Microbiële gifstoffen worden voornamelijk aangemaakt door micro-organismen die in vochtige omstandigheden leven, zoals in de bodem, in een plant of
in het lichaam. Soorten die in het water leven produceren geen of heel weinig gifstoffen omdat deze stoffen hier snel te sterk verdund en daarmee onwerkzaam zouden worden.

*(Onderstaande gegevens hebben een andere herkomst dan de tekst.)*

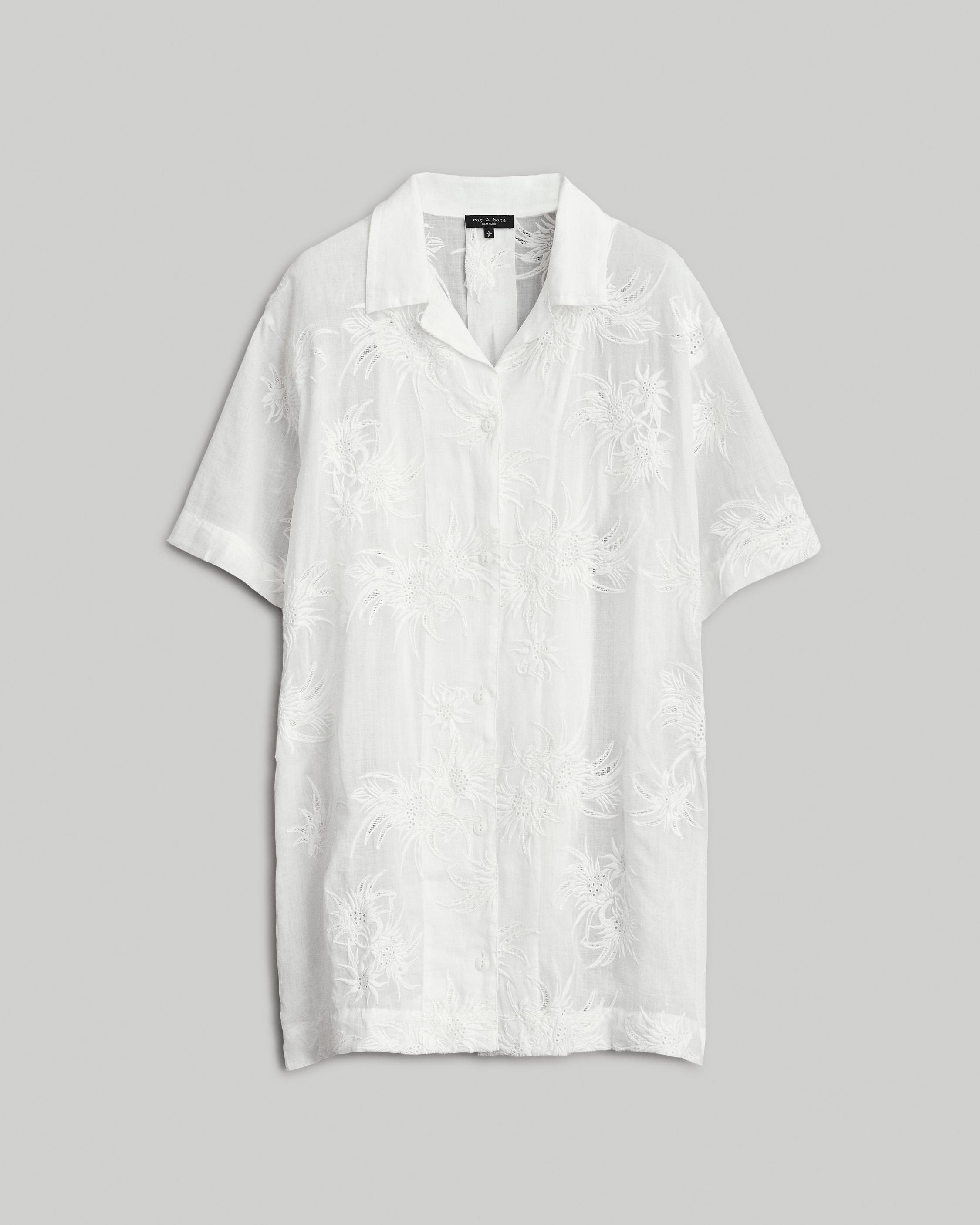 Our Reed Shirt Dress is a warm-weather staple. Cut from a lightweight fabric crafted from natural fibers, this dress is complete a with self-belt and a removable slip with adjustable straps. Size & Fit Classic fit Size Small: Front length from high point shoulder 36 1/4", chest 51 1/2", sweep 51 1/2" Model is 5'10.5" wearing a size small Features & Details Fabric: 100% Ramie Embroidery: 100% Polyester Slip: 100% Modal Machine wash cold with like colors. Delicate cycle. Do not bleach. Tumble dry low. Cool iron Recycled polyester fisheye buttons at center front, self belt, removable slip with adjustable straps Imported Product ID: WAW23S3014V614
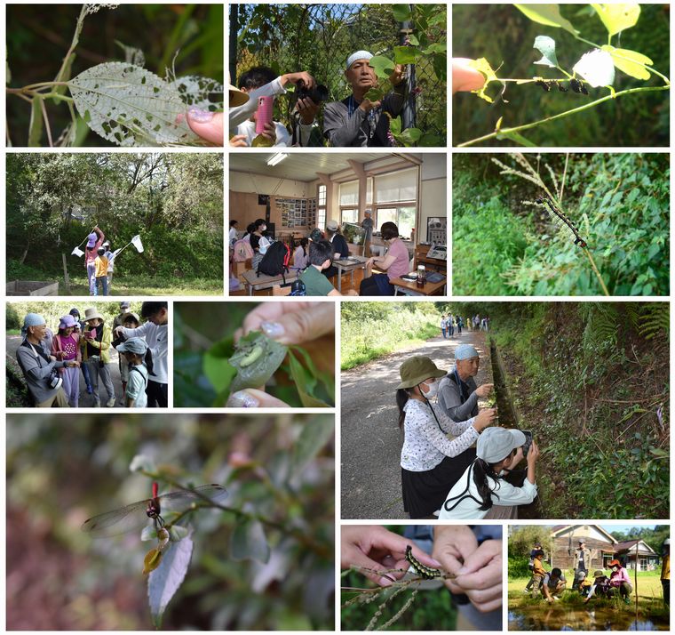 確認し撮影できた昆虫は、「アケビノコノハ幼虫」「ハキリバチ」「ムラサキシジミ幼虫」「フクラスズメ幼虫」「マユタテアカネ(トンボ)」「ヨツデグミグモ」「クサギカメムシ」「トラマルチバチ」「アオスジアゲハ」「キンモンガ」「イシガケチョウ」「ナガサキアゲハ」「ヤマトシジミ(蝶)」「チューレンジハマキバチ」「クロコノマチョウ」「ホシハラビロヘビカメムシ」「ナネナシコウロギ」「アズチグモ」「ハシリグモ」「オナガサナエ(トンボ)」「カマキリ」他多数。

Deze gifstoffen worden alléén aangemaakt wanneer een nieuwe leefomgeving wordt gekoloniseerd of wanneer de leefomgeving beschermd dient te worden tegen een concurrerende soort. De gifstoffen van micro-organismen zijn speciaal bedoeld voor bepaalde opdringerige soorten. De soorten bacteriën, schimmels en andere micro-organismen die samenwerkingsvormen hebben ontwikkeld, gebruiken geen gif in de onderlinge communicatie en zijn bestand tegen elkaars gifstoffen. Daarnaast maken micro-organismen ook anti-gifstoffen aan die de voor hen dodelijke gifstoffen van andere soorten tegenwerken.
Belangrijke eigenschappen van de verschillende
soorten microbiële gifstoffen zijn de
selectieve werking, de lage werkzame concentratie, de goede afbreekbaarheid, de brede of smalle
werkingsspectra en de verschillende
werkingsmechanismen. Andere eigenschappen zijn dat ze al werken in zeer lage concentraties, dat ze zich niet ophopen in het milieu (in de bodem of het lichaam) en dat ze geneutraliseerd of afgebroken kunnen worden door andere micro-organismen.
Tijdens de industriële productie van antibiotica als geneesmiddelen worden de eigenschappen van de oorspronkelijke microbiële gifstoffen veranderd om de bruikbaarheid op grote schaal te verbeteren.